__RECORDED INFORMATION__.
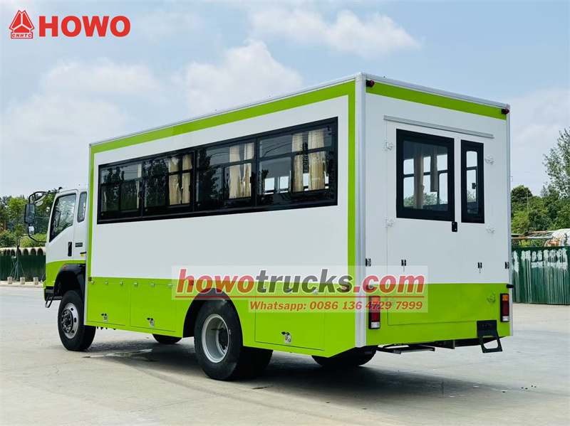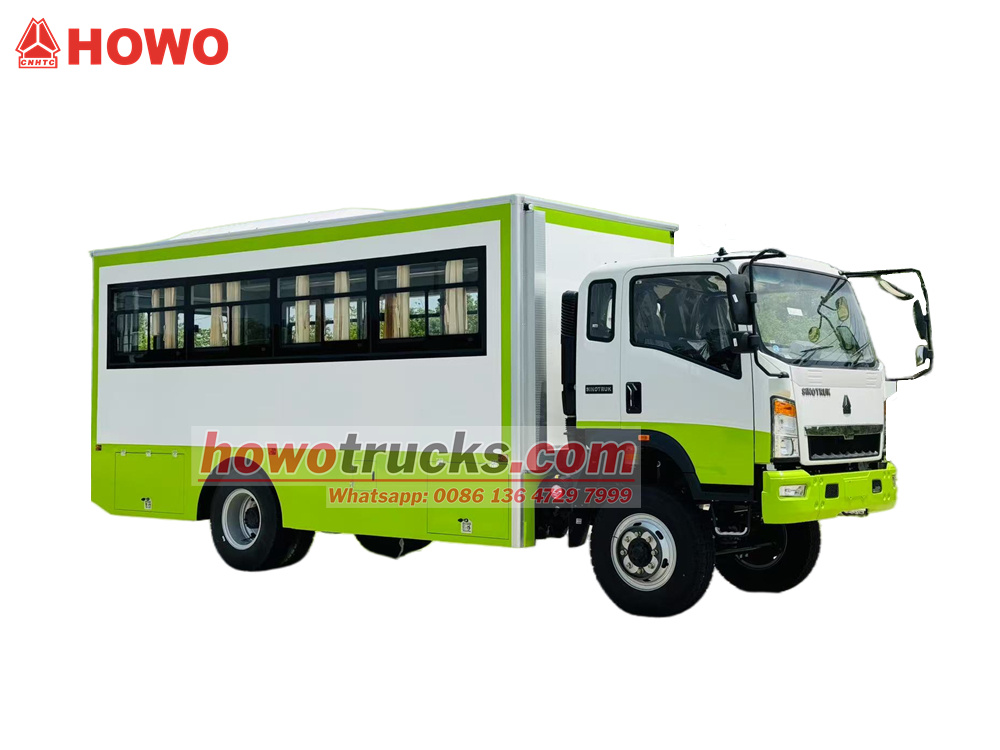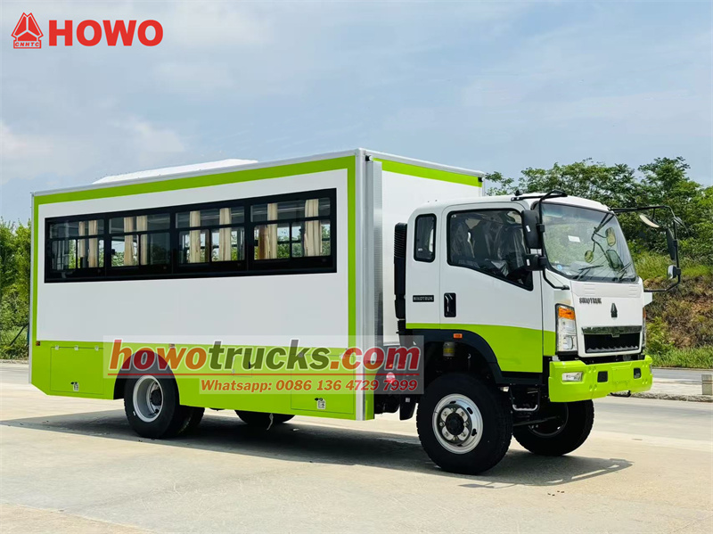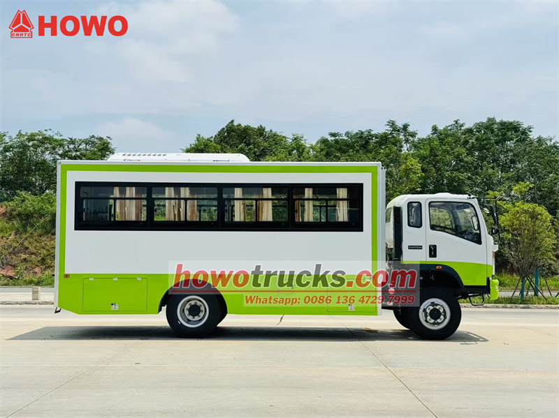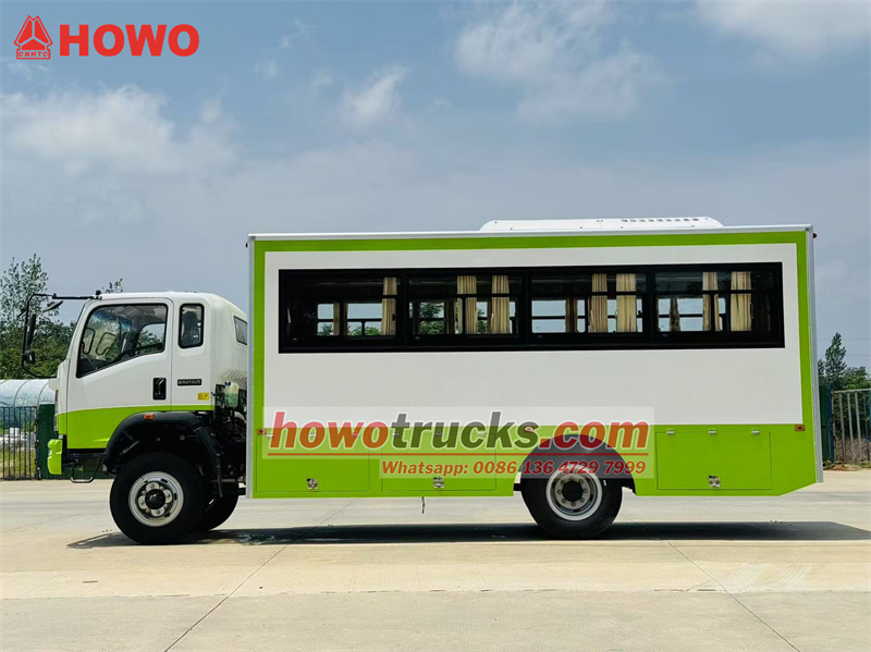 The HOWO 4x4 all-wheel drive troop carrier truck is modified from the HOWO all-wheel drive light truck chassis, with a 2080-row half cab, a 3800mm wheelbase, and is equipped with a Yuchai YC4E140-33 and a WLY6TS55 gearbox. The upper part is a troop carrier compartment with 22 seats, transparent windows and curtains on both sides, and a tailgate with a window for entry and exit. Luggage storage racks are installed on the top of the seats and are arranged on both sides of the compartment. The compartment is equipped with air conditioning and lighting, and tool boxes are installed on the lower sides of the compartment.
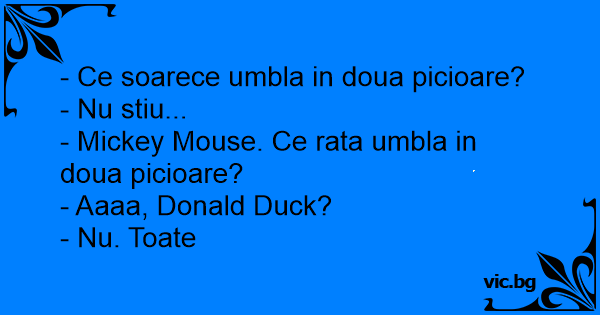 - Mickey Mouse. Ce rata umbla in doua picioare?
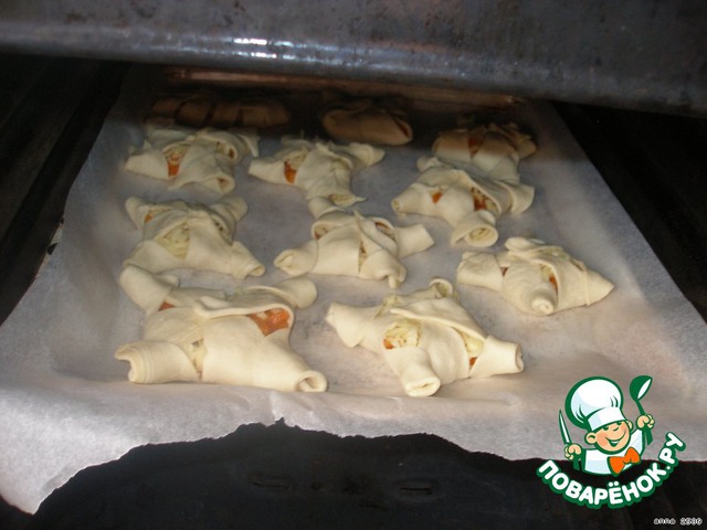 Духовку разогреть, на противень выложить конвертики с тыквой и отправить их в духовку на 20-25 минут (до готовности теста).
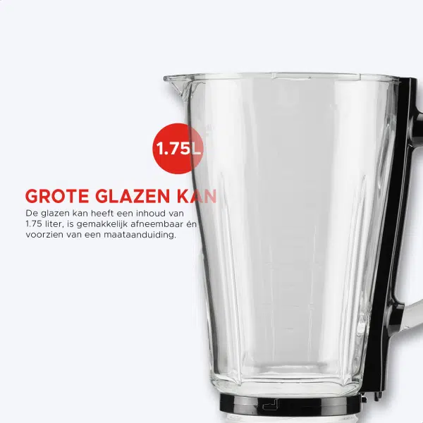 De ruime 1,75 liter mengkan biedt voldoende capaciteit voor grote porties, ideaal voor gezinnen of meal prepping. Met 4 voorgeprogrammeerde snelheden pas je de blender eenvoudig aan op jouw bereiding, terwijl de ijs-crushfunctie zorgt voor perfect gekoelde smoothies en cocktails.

__PROBLEM DESCRIPTION__. Every line from the one containing "Духовку разогреть, на" through the last line of the data, both included, is to be repeated exactly; the pictures are to be left out.

__SOLUTION FOR THIS PROBLEM__.
 Духовку разогреть, на противень выложить конвертики с тыквой и отправить их в духовку на 20-25 минут (до готовности теста).
 De ruime 1,75 liter mengkan biedt voldoende capaciteit voor grote porties, ideaal voor gezinnen of meal prepping. Met 4 voorgeprogrammeerde snelheden pas je de blender eenvoudig aan op jouw bereiding, terwijl de ijs-crushfunctie zorgt voor perfect gekoelde smoothies en cocktails.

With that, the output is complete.